→ DATA EXTRACTS
---------------
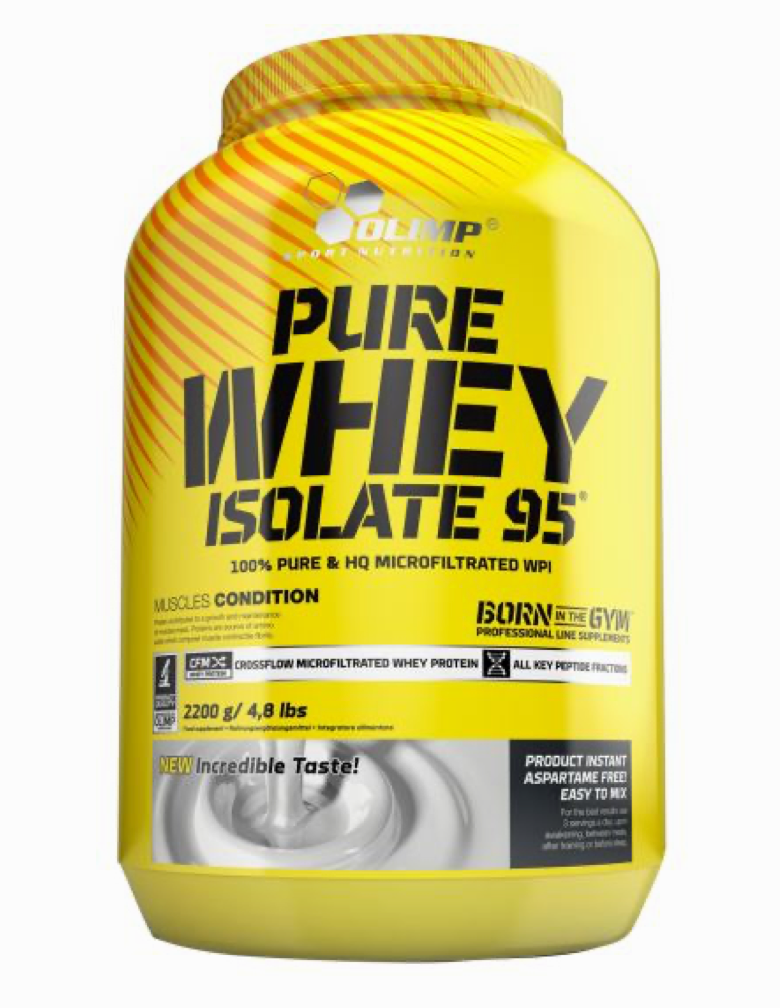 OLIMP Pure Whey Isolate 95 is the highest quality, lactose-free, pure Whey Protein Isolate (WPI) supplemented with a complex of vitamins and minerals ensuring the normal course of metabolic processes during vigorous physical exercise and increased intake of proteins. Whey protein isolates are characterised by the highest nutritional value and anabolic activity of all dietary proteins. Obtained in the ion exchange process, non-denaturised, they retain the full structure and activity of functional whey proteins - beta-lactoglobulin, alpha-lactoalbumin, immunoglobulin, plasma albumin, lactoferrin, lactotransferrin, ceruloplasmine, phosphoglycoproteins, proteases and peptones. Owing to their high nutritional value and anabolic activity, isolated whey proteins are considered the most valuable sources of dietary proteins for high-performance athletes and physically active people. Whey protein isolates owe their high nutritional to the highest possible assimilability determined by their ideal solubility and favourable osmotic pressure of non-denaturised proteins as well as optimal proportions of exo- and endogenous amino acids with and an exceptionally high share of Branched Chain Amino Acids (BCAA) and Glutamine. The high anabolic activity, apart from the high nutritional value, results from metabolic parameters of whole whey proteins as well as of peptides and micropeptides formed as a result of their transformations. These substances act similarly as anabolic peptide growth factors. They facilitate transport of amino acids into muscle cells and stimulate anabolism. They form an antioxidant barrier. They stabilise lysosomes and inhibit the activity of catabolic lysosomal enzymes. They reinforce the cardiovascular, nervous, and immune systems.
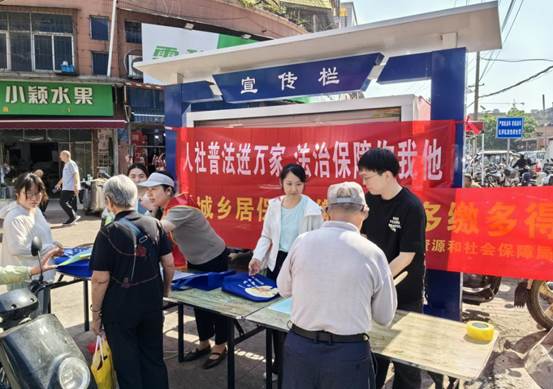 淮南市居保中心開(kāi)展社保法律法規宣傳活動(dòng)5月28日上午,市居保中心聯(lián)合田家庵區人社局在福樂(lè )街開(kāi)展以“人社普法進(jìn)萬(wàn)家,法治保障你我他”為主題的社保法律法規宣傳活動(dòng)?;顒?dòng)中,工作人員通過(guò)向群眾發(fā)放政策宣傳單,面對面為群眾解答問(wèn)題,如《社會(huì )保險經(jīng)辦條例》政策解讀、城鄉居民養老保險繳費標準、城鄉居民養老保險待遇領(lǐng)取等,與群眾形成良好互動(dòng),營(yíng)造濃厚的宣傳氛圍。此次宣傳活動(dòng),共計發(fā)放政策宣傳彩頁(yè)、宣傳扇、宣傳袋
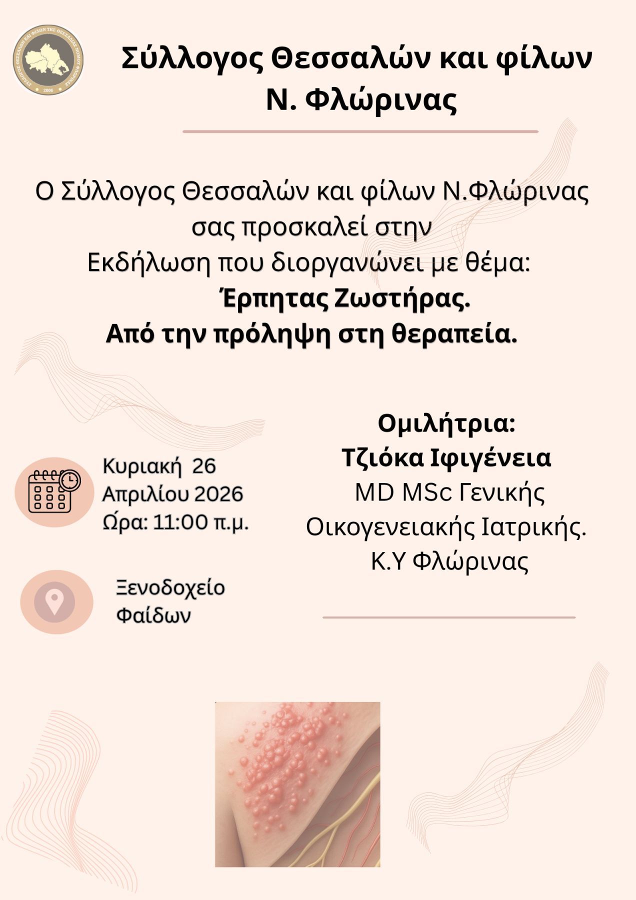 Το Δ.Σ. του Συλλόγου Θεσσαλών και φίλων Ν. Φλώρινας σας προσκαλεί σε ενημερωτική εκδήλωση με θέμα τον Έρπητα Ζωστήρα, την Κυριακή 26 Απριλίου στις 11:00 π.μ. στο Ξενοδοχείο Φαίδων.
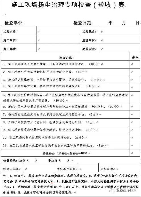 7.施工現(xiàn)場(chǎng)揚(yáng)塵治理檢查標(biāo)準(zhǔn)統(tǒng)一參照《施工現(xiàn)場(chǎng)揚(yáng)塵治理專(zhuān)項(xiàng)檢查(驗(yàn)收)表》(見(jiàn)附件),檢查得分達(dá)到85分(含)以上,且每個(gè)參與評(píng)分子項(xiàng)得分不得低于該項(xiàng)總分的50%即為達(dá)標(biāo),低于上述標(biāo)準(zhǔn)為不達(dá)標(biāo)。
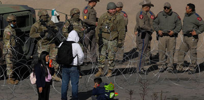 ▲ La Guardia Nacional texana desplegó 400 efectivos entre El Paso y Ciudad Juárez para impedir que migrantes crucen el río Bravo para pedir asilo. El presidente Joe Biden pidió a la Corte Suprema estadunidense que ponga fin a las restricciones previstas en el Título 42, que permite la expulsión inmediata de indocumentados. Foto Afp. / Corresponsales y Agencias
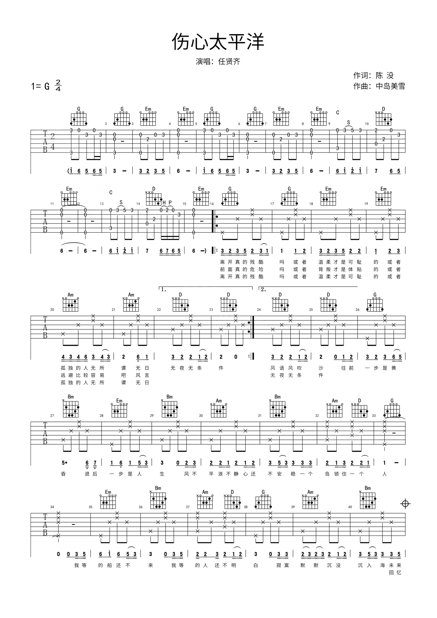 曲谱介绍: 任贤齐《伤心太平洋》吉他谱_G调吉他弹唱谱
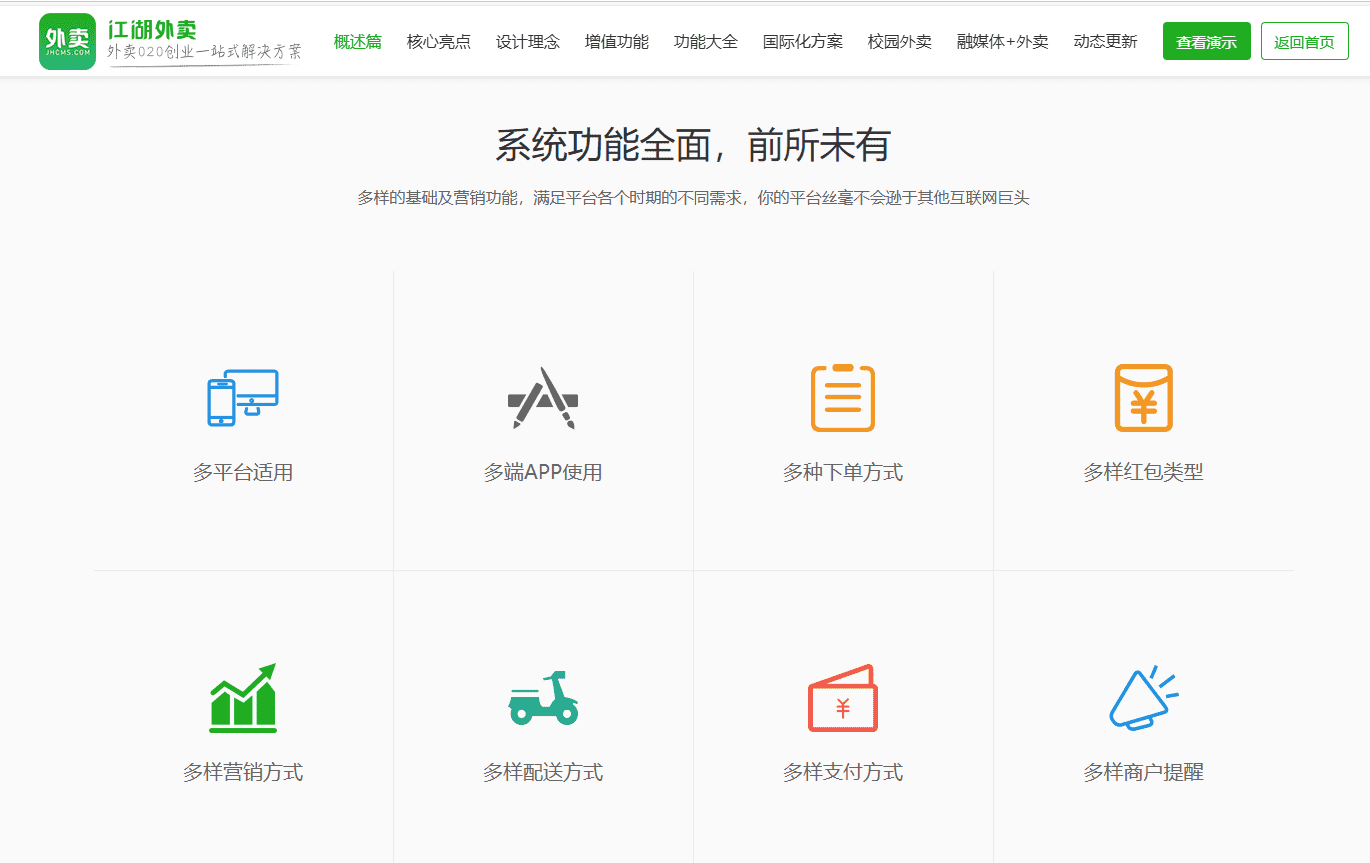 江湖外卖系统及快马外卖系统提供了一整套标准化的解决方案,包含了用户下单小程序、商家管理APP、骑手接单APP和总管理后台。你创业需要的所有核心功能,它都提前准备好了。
---------------
→ ASSIGNMENT
Please give a word-for-word transcript of the lines from the one holding "曲谱介绍: 任贤齐《伤心太平洋》吉他谱_G调吉他弹唱谱" through the final line of the entries, both ends kept, with no pictures.

→ ANSWER BOX
 曲谱介绍: 任贤齐《伤心太平洋》吉他谱_G调吉他弹唱谱
 江湖外卖系统及快马外卖系统提供了一整套标准化的解决方案,包含了用户下单小程序、商家管理APP、骑手接单APP和总管理后台。你创业需要的所有核心功能,它都提前准备好了。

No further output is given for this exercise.